Longest Arithmetic Progression Sequence in Java

An array arr[] is given, and the task is to find the length of the longest sequence in the array such that the sequence forms the arithmetic progression.

Example 1:

Input: int arr[] = {30, 40, 50, 60, 70, 80, 90, 100, 110, 120, 130, 140};

Output: 12

Explanation: The sequence of numbers 30, 40, 50, 60, 70, 80, 90, 100, 110, 120, 130, 140 form the arithmetic progression sequence where the common difference is 10, and the total numbers in the sequence is 12.

Example 2:

Input: int arr[] = {15, 7, 20, 9, 14, 15, 25, 30, 90, 100, 35, 40};

Output: 6

Explanation: The sequence of numbers 15, 20, 25, 30, 35, 40 forms the arithmetic progression sequence where the common difference is 5 and the total numbers in the sequence are 6.

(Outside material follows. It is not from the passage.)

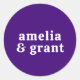 Autocollants de mariage de style moderne avec une disposition simple et minimale avec vos noms dans une police rétro super. Les couleurs vives sont un violet royal vif. Les polices / couleurs peuvent être modifiées dans l'outil d'édition de conception. Ces autocollants de mariage sont excellents comme enveloppes scellées ou pour customiser vos faveurs de mariage.

Let's discuss various approaches to solve the problem.

Naive Approach

The naive or simple approach is to consider each pair one by one and treat the elements of the pair as the first two elements (assume the first two elements are: a1 and a2) of the arithmetic progression. Using the first two elements, we can get a common difference (a2 - a1). Using this common difference, we can get the subsequent elements of the arithmetic progression. While finding the subsequent elements, we can also keep the count of elements (countEle) for that arithmetic progression. We will find this count (countEle) for each pair and then will do the comparison for finding the longest arithmetic sequence. Observe the following program.

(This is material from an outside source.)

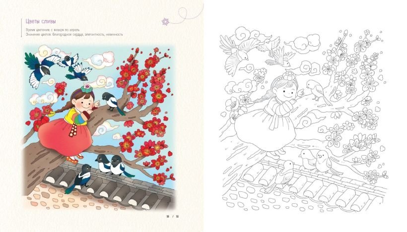 Мотивы корейской зимы украшают страницы этой раскраски. Поймайте невесомый момент уюта и спокойствия, раскрашивая прекрасные иллюстрации. Читайте подписи к изображениям и переноситесь в снежный зимний день.

FileName: LongestArithmeticProgression.java

public class LongestArithmeticProgression
{
// a method for finding the larger number between i & j
public int findMaxNo(int i, int j)
{
int maxNo;
return maxNo = (i > j) ? i : j;
}

public int findLongestApSeq(int arr[], int size)
{

// two or less than two elements always form 
// the arithmetic progression
if(size <= 2)
{
return size;
}

int ans = -1;

// loop for picking the first element of the
// arithemtic progression
for(int i = 0; i < size - 2; i++)
{

// loop for picking the second element of the
// arithemtic progression
for(int j = i + 1; j < size - 1; j++)
{
// finding the common difference
int comDiff = arr[j] - arr[i];

// multiple is 2 becuase the third element
// is first element + 2 * common difference
int multiple = 2;

// the first two loops has fixed the 
// first two elements of the arithmetic progresssion
int countEle = 2;

// loop for picking the subsequent elements (3rd, 4th, 5th, ..., so on)
// of the arithmetic progression
for(int k = j + 1; k < size; k++)
{
if((arr[i] + multiple * comDiff) == arr[k])
{
// element found hence increment the count
countEle = countEle + 1;

// 4th element of an arithmetic progression
// is defined as: a[i] + 3 * common difference
multiple = multiple + 1;
}
}


ans = findMaxNo(ans, countEle);

}
}

return ans;
}
// main method
public static void main(String argvs[]) 
{
// creating an object of the class LongestArithmeticProgression
LongestArithmeticProgression obj = new LongestArithmeticProgression();

// input array
int inputArr[] = {30, 40, 50, 60, 70, 80, 90, 100, 110, 120, 130, 140};

int size = inputArr.length;

int longestSeq = obj.findLongestApSeq(inputArr, size);

System.out.println("For the following array: ");
for(int k = 0; k < size; k++)
{
System.out.print(inputArr[k] + " ");
}
System.out.println("\n");
System.out.println("The length of the longest arithmetic progression sequence is: " + longestSeq);

int inputArr1[] = {15, 7, 20, 9, 14, 15, 25, 30, 90, 100, 35, 40};

size = inputArr1.length;

longestSeq = obj.findLongestApSeq(inputArr1, size);

System.out.println("\n");

System.out.println("For the following array: ");
for(int k = 0; k < size; k++)
{
System.out.print(inputArr1[k] + " ");
}
System.out.println("\n");
System.out.println("The length of the longest arithmetic progression sequence is: " + longestSeq);


}
}

Output:

For the following array: 
30 40 50 60 70 80 90 100 110 120 130 140 

The length of the longest arithmetic progression sequence is: 12


For the following array: 
15 7 20 9 14 15 25 30 90 100 35 40 

The length of the longest arithmetic progression sequence is: 6

Complexity Analysis: In the above program, three for-loops have been nested. Therefore, the time complexity of the above program O(n³), where n is the total number of the elements present in the input array. The space complexity of the above program is constant, i.e., O(1).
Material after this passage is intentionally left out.